The current inmate call monitoring system is virtually useless. The low number of
crimes or administrative violations detected and the high number of crimes likely being
committed should indicate to the BOP that major changes are needed. In addition, our
interviews of telephone monitors left us with the impression that they are overwhelmed and
untrained.
The BOP has taken some action to address the problem of inmate telephone abuse. As
outlined in the report, it approved raising disciplinary sanctions for telephone abuse,
created 24 new positions to work with outside law enforcement, prepared a guide to aid the
field in telephone monitoring, added an STG category for phone abuse, and worked on
improvements for the second generation of ITS.
However, we conclude that these actions are insufficient to address the problem of
telephone abuse. The increase in the disciplinary sanctions have not yet been implemented.
Guidance to the field has generally not been followed, including instruction on a
proactive approach to inmate telephone abuse, the use of alerts, and the use of the STG
category. While some new tools for telephone monitoring have been created, we believe
these tools have not been adequately used.
It is clear from our review that ITS II, the next generation prison telephone system,
is not the panacea to the problem of inmate telephone abuse. It also appears that the BOP
has refrained from taking substantive steps to address this issue for fear of reopening
the litigation in Washington v.
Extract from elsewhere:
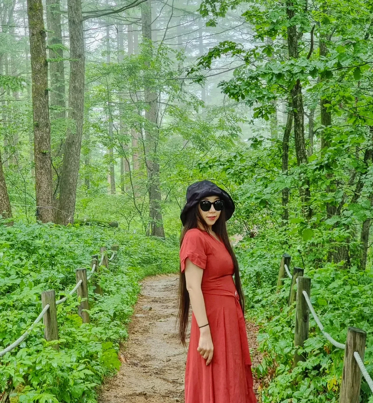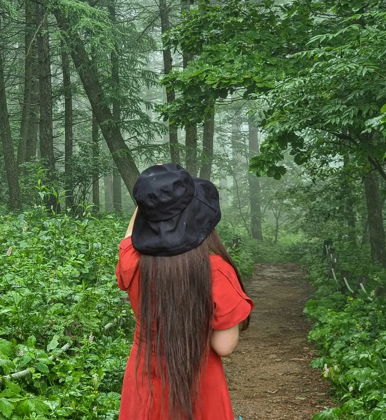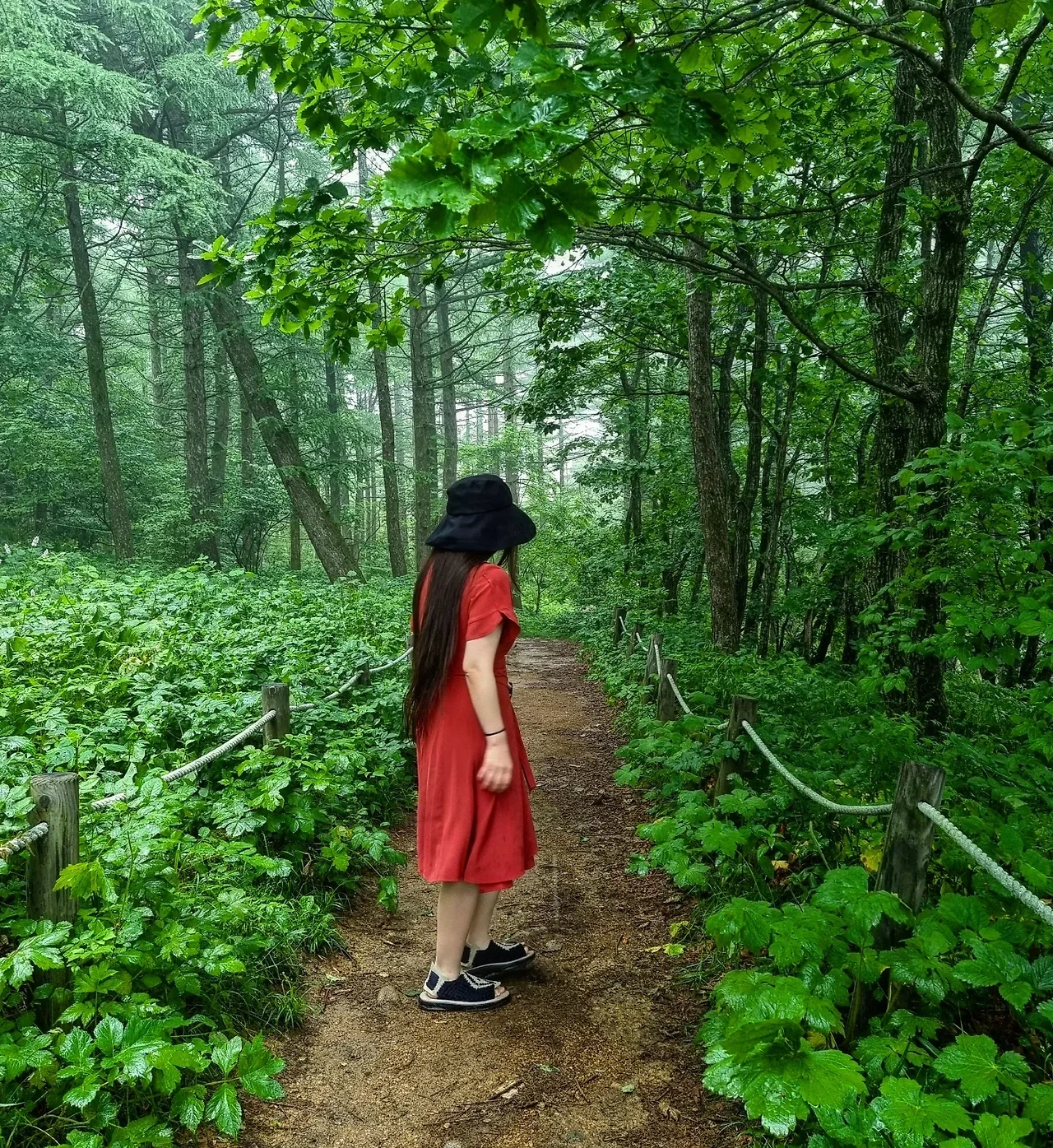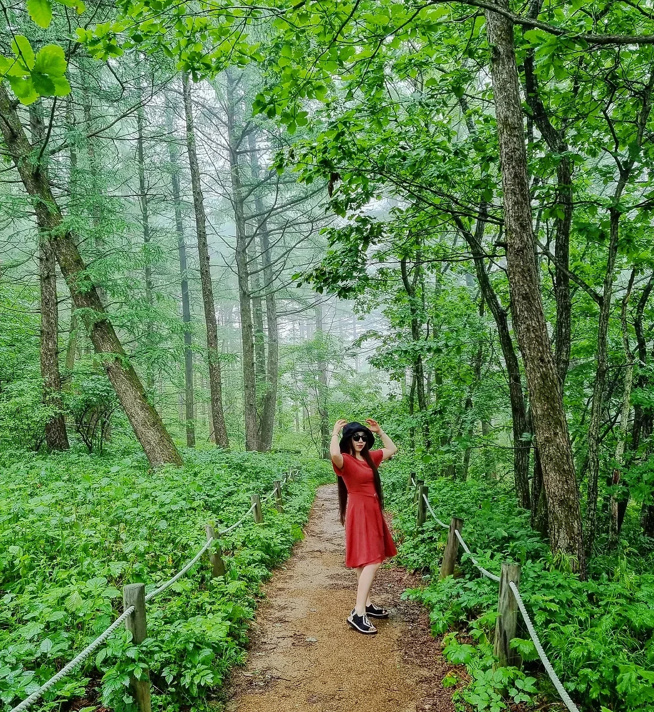 비오는 날의 빨강 원피스를 입는다. 비가 오면 올수록 곳곳의 온도를 뜨겁게 한다. 해발 1330m의 높은 고산지에서 싹을 틔우고 자라나는 야생화들은 얼마나 건강할까. 쓰고 있던 우산을 접고 울창한 소나무 숲길을 걸었다. 위대한 자연 속으로 걷는다. 그 순간, 탱고를 추면서 숲속을 지나면 스페인의 어느 고요한 마을이 나타나지 않을까 하고 재미난 상상도 했던 그녀의 여름, 비오는 날의 #만항재 .
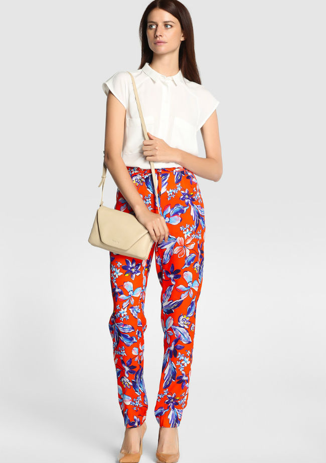 Este verano los pantalones con prints y colores vivos nos han acompañado hasta la saciedad. No los guardes todavía y aprovecha los pocos días del verano para ponértelos con camisetas en colores neutros.

Reno. While it is possible that necessary changes
to the current telephone system may provoke inmates to file suit, it is our opinion that
the BOP will prevail in any litigation. Notwithstanding the possible litigation risks, the
current situation is untenable and demands that the BOP make dramatic changes.
Such changes will no doubt be expensive, but much of this cost can be recovered if the
Department obtains legislation allowing it to pay for telephone monitoring from revenue
generated by inmate calls. A significant portion of the $71 million in profit reaped from
the telephone system during the past seven years should be used to ensure that the system
operates safely and that inmates do not have the opportunity to use it to endanger or
defraud others. And while the cost may be significant, we believe based on this review
that the problem of inmate telephone misuse is widespread and the consequences serious
enough that significant amounts of time and money should be expended to address it.
52 Whatever substantive changes the
BOP intends to make to inmate telephone privileges should be implemented through
appropriate rulemaking procedures. The BOP bypassed this step when installing the original
inmate telephone system, and this failure was partially responsible for the inmates'
lawsuit in Washington v. Reno.
53 As of August 1999, the BOP had
received only six such notifications.